Moulding a healthier PV supply chain
It remains to be seen if the CPIA price floor will be enough to curb unhealthy competitive dynamics in the PV market. But if the government needs to step in, there are several levers it could pull. Bloomberg reports that the Ministry of Industry and Information Technology (MIIT) may publish rules to limit the energy consumption of polysilicon manufacturers, a key component of solar panels, which would significantly reduce supply in all segments of the supply chain. In November, the (MIIT) also published updated PV manufacturing guidance aiming to limit redundant capacity expansions and instead focus on quality developments.
It may take a more fundamental change to restore market equilibrium, however. According to Alex Zhang, a PhD student at Nanjing University with over 15 years of experience in China’s PV industry, these supply chains are still “quite immature”. He says that there should be fewer companies involved in the upstream segments of the supply chains, “and they should better coordinate with one another to avoid redundant production and to protect their intellectual property”.

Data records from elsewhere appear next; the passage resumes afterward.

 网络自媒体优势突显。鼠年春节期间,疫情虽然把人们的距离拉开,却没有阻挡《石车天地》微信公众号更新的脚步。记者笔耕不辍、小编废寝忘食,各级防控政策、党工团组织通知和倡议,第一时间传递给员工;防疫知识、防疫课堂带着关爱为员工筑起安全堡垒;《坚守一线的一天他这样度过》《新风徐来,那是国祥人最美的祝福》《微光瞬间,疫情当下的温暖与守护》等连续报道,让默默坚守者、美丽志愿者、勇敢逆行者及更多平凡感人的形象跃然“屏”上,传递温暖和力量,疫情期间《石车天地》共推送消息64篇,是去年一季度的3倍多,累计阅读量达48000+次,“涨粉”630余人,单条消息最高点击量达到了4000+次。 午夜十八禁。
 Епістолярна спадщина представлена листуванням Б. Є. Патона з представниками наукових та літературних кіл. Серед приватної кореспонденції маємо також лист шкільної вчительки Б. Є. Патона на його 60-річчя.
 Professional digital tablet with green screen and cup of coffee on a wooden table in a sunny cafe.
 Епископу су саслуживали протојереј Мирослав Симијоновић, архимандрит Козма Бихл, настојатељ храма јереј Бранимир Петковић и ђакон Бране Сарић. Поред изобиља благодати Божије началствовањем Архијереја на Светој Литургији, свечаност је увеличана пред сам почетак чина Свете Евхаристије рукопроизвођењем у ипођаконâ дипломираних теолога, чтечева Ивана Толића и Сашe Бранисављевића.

Reis echoes Zhang’s concerns over the lack of IP protection, noting that competitors can hire former employees and buy supplies from the same factories, “and that is part of what is driving these huge capacity expansions”.
Both Reis and Zhang offer an Organization of the Petroleum Exporting Countries (OPEC)-style alliance as an example for what a more lasting solution would be: “An industry alliance would better protect the industry’s sustainable development and encourage R&D,” Zhang says. An example of what this might look like came in late November when 22 manufacturers agreed to limit unfair competition in overseas markets.
Though an alliance of PV producers would benefit manufacturers, it’s harder to assess how it would impact the global energy transition. Redundant production and factories operating at half capacity benefits no one, but the thought of Chinese producers working as a bloc and potentially exerting political pressure on countries around the world through their monopoly on PV technologies could set alarm bells ringing amongst policymakers in Washington and the EU.